SUPPLIED INFORMATION
———

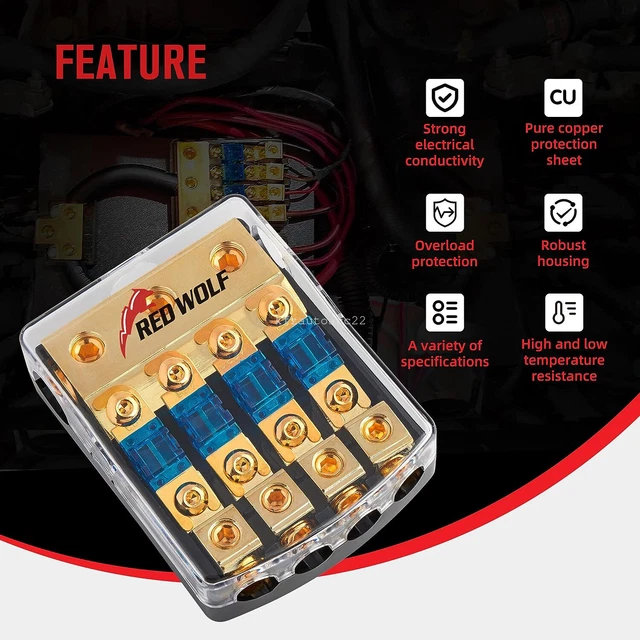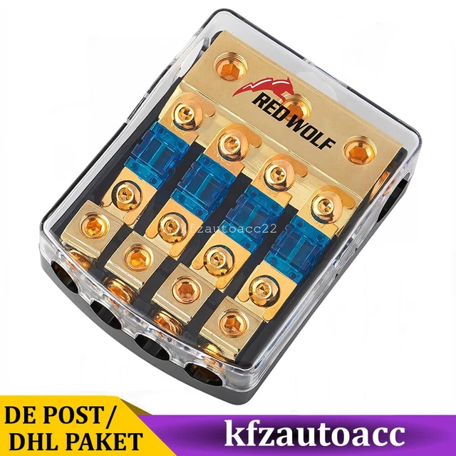 Sicherheit geht vor! Dieses 4-teilige Set mit ANL-Sicherungshaltern ist perfekt für Auto, Wohnmobil, Boot oder Solaranlagen. Jeder Halter ist für Kabel von 10-22mm² Querschnitt ausgelegt und kommt inklusive 60A Sicherung. Aus robustem Metall und Kunststoff gefertigt - geruchlos, langlebig und mit guter Leitfähigkeit. Das Steck-Design macht die Installation super einfach - einfach reinstecken und festklemmen! Kompatibel mit verschiedenen Sicherungstypen wie MidiVAL, MIDI und ANS. Die kompakte Größe passt auch in enge Räume unter dem Armaturenbrett oder im Motorraum. Perfekt für Audio-Anlagen, Zusatzbeleuchtung oder andere elektrische Verbraucher im Fahrzeug. So bist du sicher vor Kurzschlüssen und Kabelbrand! Ein Muss für jeden der an seinem Auto, Wohnmobil oder Boot elektrische Komponenten nachrüstet. Profi-Qualität zum fairen Preis - deine Elektrik ist damit bestens abgesichert!
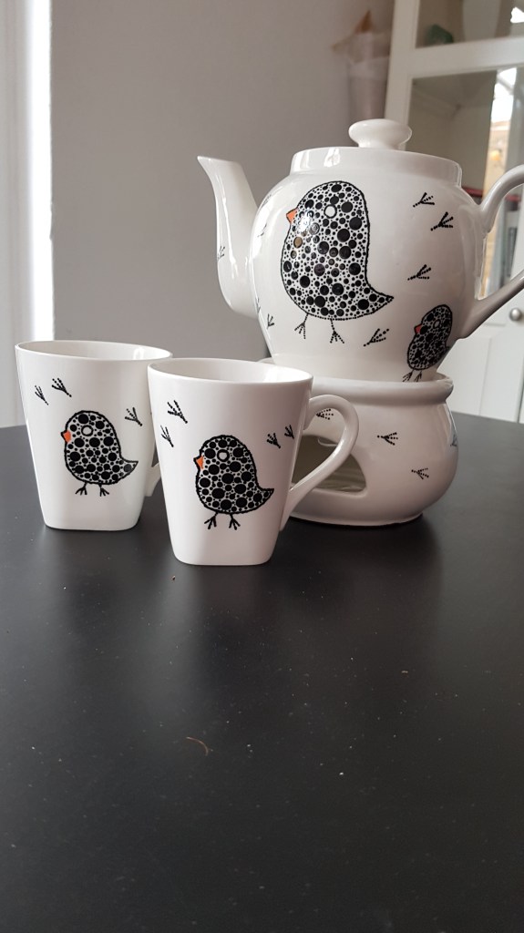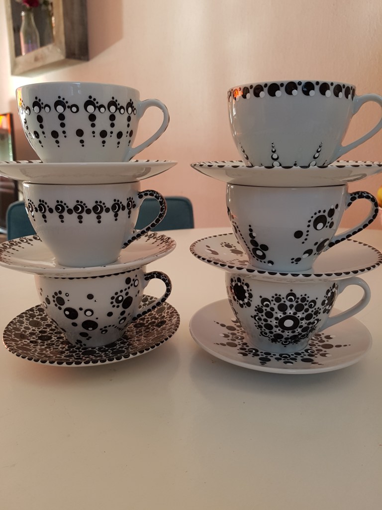 Je krijgt een kant en klaar pakketje met porseleinverf, stokjes en serviesgoed, uiteraard met een duidelijke werkbeschrijving erbij. Deze zijn te verkrijgen voor €12,50 exclusief verzendkosten. Stuur me maar een mailtje als je belangstelling hebt dan stuur ik je zo’n leuk ‘stip het zelf’ pakketje op. (Binnen Zwolle worden ze gratis bezorgd).
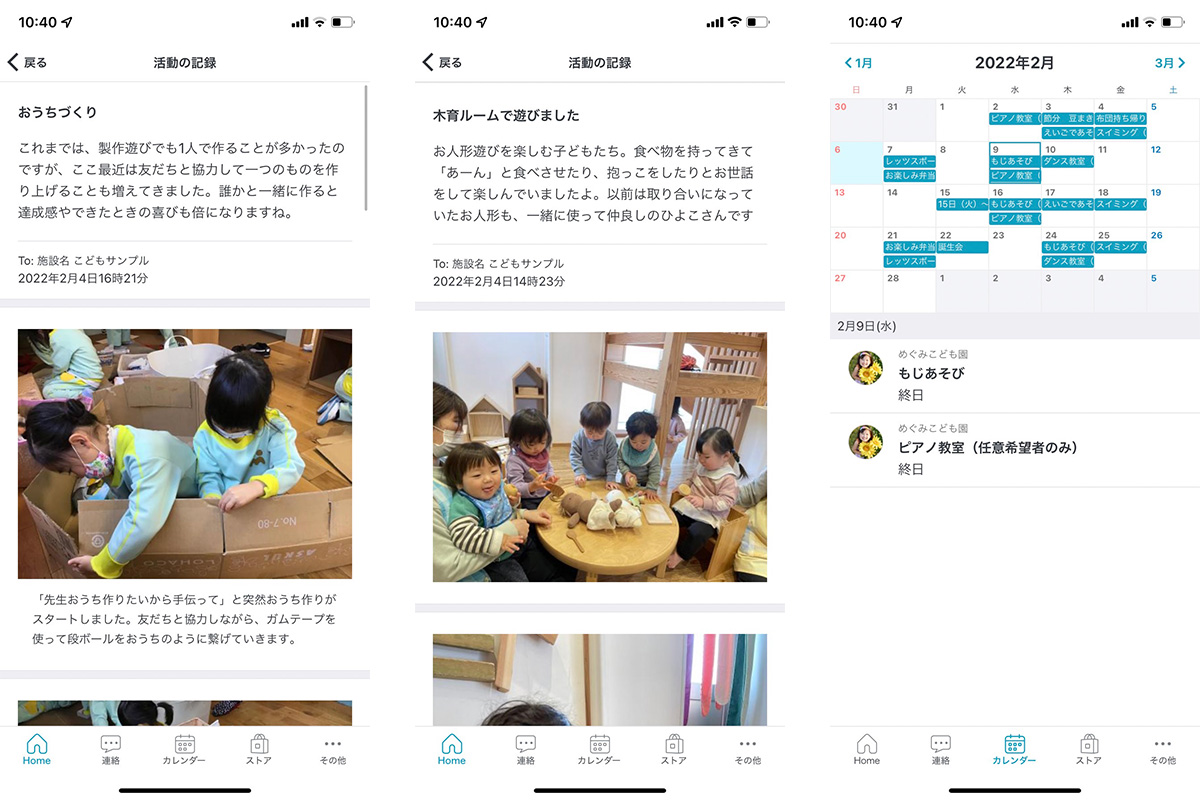 園と保護者のコミュニケーションを深める、連絡アプリを導入しています。様々な機能を利用しており、ICTにも力を入れています。

———

WHAT YOU SHOULD DO
A faithful, picture-free copy of the material is what this task asks for.

EXERCISE RESULT
 Sicherheit geht vor! Dieses 4-teilige Set mit ANL-Sicherungshaltern ist perfekt für Auto, Wohnmobil, Boot oder Solaranlagen. Jeder Halter ist für Kabel von 10-22mm² Querschnitt ausgelegt und kommt inklusive 60A Sicherung. Aus robustem Metall und Kunststoff gefertigt - geruchlos, langlebig und mit guter Leitfähigkeit. Das Steck-Design macht die Installation super einfach - einfach reinstecken und festklemmen! Kompatibel mit verschiedenen Sicherungstypen wie MidiVAL, MIDI und ANS. Die kompakte Größe passt auch in enge Räume unter dem Armaturenbrett oder im Motorraum. Perfekt für Audio-Anlagen, Zusatzbeleuchtung oder andere elektrische Verbraucher im Fahrzeug. So bist du sicher vor Kurzschlüssen und Kabelbrand! Ein Muss für jeden der an seinem Auto, Wohnmobil oder Boot elektrische Komponenten nachrüstet. Profi-Qualität zum fairen Preis - deine Elektrik ist damit bestens abgesichert!
 Je krijgt een kant en klaar pakketje met porseleinverf, stokjes en serviesgoed, uiteraard met een duidelijke werkbeschrijving erbij. Deze zijn te verkrijgen voor €12,50 exclusief verzendkosten. Stuur me maar een mailtje als je belangstelling hebt dan stuur ik je zo’n leuk ‘stip het zelf’ pakketje op. (Binnen Zwolle worden ze gratis bezorgd).
 園と保護者のコミュニケーションを深める、連絡アプリを導入しています。様々な機能を利用しており、ICTにも力を入れています。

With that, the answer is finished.